Start of RECORDED DATA
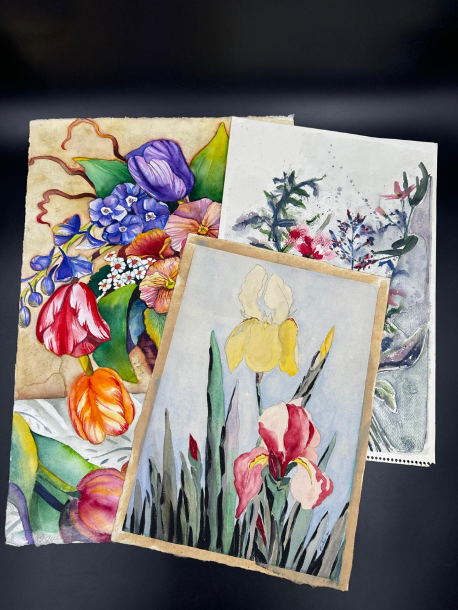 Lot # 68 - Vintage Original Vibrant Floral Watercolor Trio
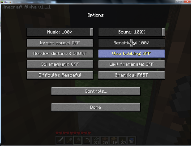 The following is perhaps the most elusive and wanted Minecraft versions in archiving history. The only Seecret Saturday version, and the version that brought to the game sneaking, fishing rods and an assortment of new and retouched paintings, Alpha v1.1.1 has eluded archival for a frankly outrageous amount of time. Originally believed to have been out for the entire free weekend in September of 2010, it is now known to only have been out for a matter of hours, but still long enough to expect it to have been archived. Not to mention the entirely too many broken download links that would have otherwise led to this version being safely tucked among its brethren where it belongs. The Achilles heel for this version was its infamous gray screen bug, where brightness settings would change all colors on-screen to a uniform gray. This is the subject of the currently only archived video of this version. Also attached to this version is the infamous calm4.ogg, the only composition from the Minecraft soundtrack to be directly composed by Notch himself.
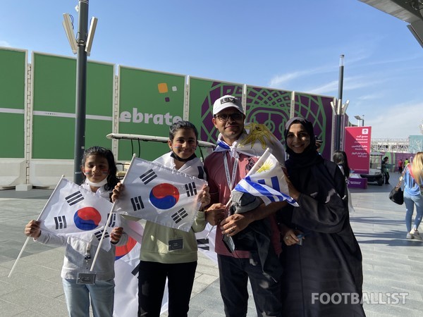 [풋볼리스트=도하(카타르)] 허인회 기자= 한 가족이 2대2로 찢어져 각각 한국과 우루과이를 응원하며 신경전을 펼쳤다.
End of RECORDED DATA
» WORK TASK: Give the data again exactly, image-free.

» EXERCISE OUTPUT:
 Lot # 68 - Vintage Original Vibrant Floral Watercolor Trio
 The following is perhaps the most elusive and wanted Minecraft versions in archiving history. The only Seecret Saturday version, and the version that brought to the game sneaking, fishing rods and an assortment of new and retouched paintings, Alpha v1.1.1 has eluded archival for a frankly outrageous amount of time. Originally believed to have been out for the entire free weekend in September of 2010, it is now known to only have been out for a matter of hours, but still long enough to expect it to have been archived. Not to mention the entirely too many broken download links that would have otherwise led to this version being safely tucked among its brethren where it belongs. The Achilles heel for this version was its infamous gray screen bug, where brightness settings would change all colors on-screen to a uniform gray. This is the subject of the currently only archived video of this version. Also attached to this version is the infamous calm4.ogg, the only composition from the Minecraft soundtrack to be directly composed by Notch himself.
 [풋볼리스트=도하(카타르)] 허인회 기자= 한 가족이 2대2로 찢어져 각각 한국과 우루과이를 응원하며 신경전을 펼쳤다.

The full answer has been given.